— DATA EXCERPTS —
· · · · · · ·
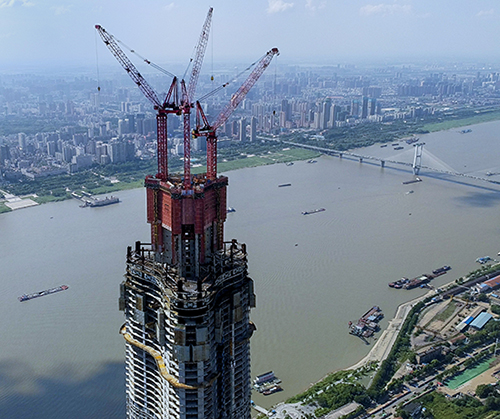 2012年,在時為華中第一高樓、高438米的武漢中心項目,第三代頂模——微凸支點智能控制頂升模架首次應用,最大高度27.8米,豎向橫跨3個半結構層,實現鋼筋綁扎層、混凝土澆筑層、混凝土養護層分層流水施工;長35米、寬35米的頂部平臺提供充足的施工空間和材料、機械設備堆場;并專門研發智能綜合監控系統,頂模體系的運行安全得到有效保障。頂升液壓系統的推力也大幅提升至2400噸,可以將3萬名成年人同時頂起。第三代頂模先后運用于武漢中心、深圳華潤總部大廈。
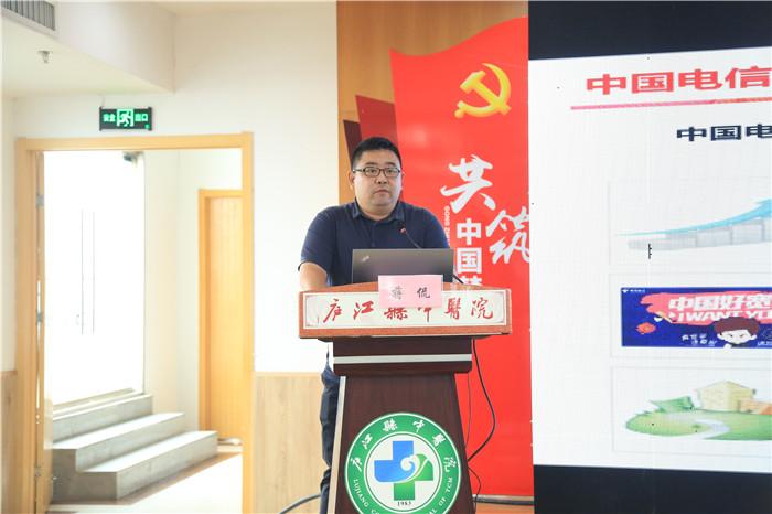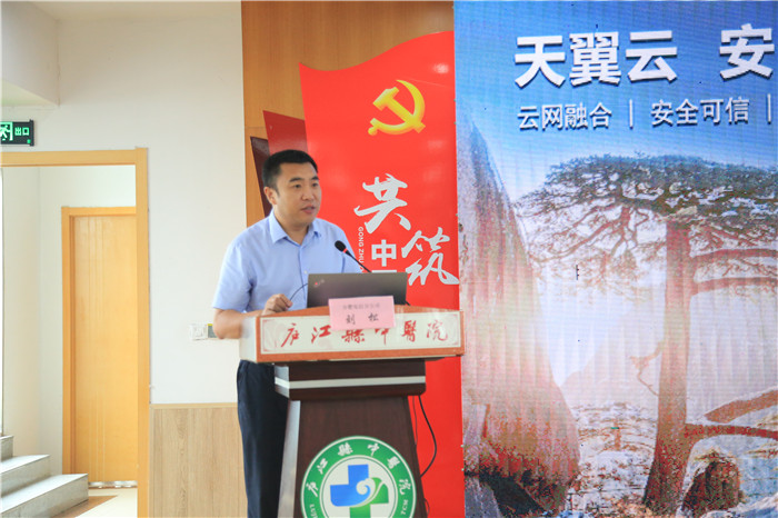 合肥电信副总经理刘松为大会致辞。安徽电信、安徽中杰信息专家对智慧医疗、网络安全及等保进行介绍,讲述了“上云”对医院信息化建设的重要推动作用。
· · · · · · ·
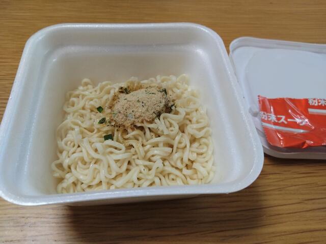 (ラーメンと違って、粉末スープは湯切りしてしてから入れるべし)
· · · · · · ·
— TASK GOAL —
Please return the material above only from the line that holds "2012年,在時為華中第一高" through the line that holds "合肥电信副总经理刘松为大会致", exactly as it stands, ends included and pictures omitted.

— RESULT FOR THIS EXERCISE —
 2012年,在時為華中第一高樓、高438米的武漢中心項目,第三代頂模——微凸支點智能控制頂升模架首次應用,最大高度27.8米,豎向橫跨3個半結構層,實現鋼筋綁扎層、混凝土澆筑層、混凝土養護層分層流水施工;長35米、寬35米的頂部平臺提供充足的施工空間和材料、機械設備堆場;并專門研發智能綜合監控系統,頂模體系的運行安全得到有效保障。頂升液壓系統的推力也大幅提升至2400噸,可以將3萬名成年人同時頂起。第三代頂模先后運用于武漢中心、深圳華潤總部大廈。
 合肥电信副总经理刘松为大会致辞。安徽电信、安徽中杰信息专家对智慧医疗、网络安全及等保进行介绍,讲述了“上云”对医院信息化建设的重要推动作用。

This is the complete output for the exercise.